Proceeds raised from the Entitlement Offer will be used to fund a drill rig on site in support of the mining and geotechnical studies, and assist in finalising the infrastructure analysis and Mine Management Plan, all of which are required to be able to undertake the project financing stage.
Under the Entitlement Offer, Eligible Shareholders (defined below) will be invited to subscribe for 1 New Share for every 8 existing KGL Resources ordinary shares held at 5.00pm (AEDT) on Thursday, 21 November 2019 ( Record Date ) at an offer price of $0.23 per New Share ( Entitlement ).
The Entitlement Offer is being made by KGL Resources without a disclosure document or product disclosure statement under section 708AA Corporations Act 2001 (Cth) ( Corporations Act ).
Documents relating to the Entitlement Offer were lodged with ASX on Monday, 18 November 2019 and will be mailed to Eligible Shareholders. Shareholder approval is not required for KGL Resources to make the offer under the Entitlement Offer.

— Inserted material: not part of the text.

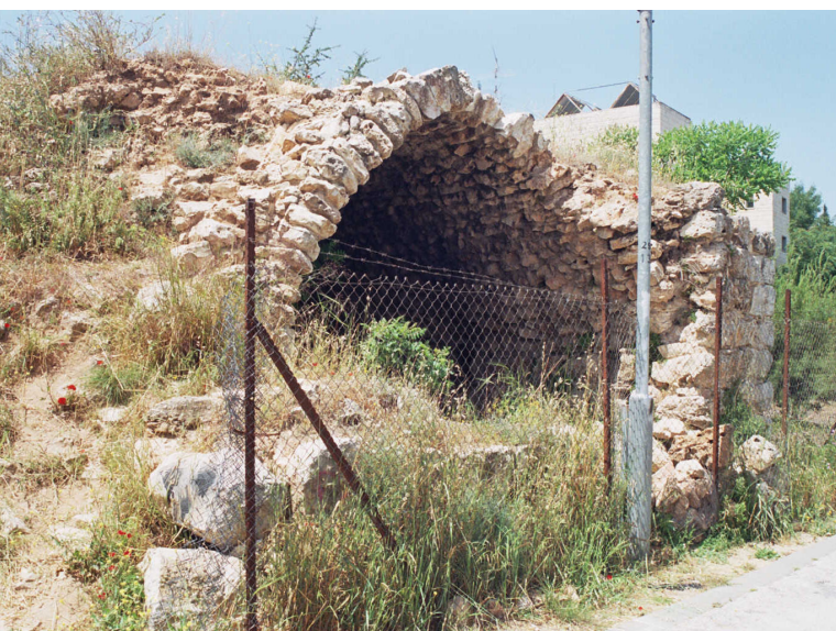
ח' בית כיכא

שרידי מבנה (מצד? בית חווה?) שמידותיו 9.5*9.5 מ', אליו צמוד מבנה מאוחר יותר בעל קמרון מחודד. קיר הבנוי על תשתית חצובה בסלע נמשך מן המבנה, ומתחתיו חצובה מערה. זמנו של המבנה: צלבני/ממלוכי. האתר חולש על דרך קדומה העוברת מצפון, בעמק נחל שורק. בסביבת המבנה פזורים בורות מים חצובים וטוחים, מתקנים חקלאיים ומערות קבורה שחלקן בעלות כוכים. (סקר ירושלים).

Eligibility of shareholders to participate in the Entitlement Offer
KGL Resources has determined, under ASX Listing Rule 7.7.1(a) and section 9A(3) Corporations Act, that it would be unreasonable to make offers to all shareholders in all countries in connection with the Entitlement Offer. Accordingly, in compliance with ASX Listing Rule 7.7.1(b) and section 9A(3)(b) Corporations Act, this letter is to inform you that KGL Resources has determined that you are not an Eligible Shareholder and therefore are ineligible to apply for New Shares under the Entitlement Offer.
You are not required to do anything in response to this letter.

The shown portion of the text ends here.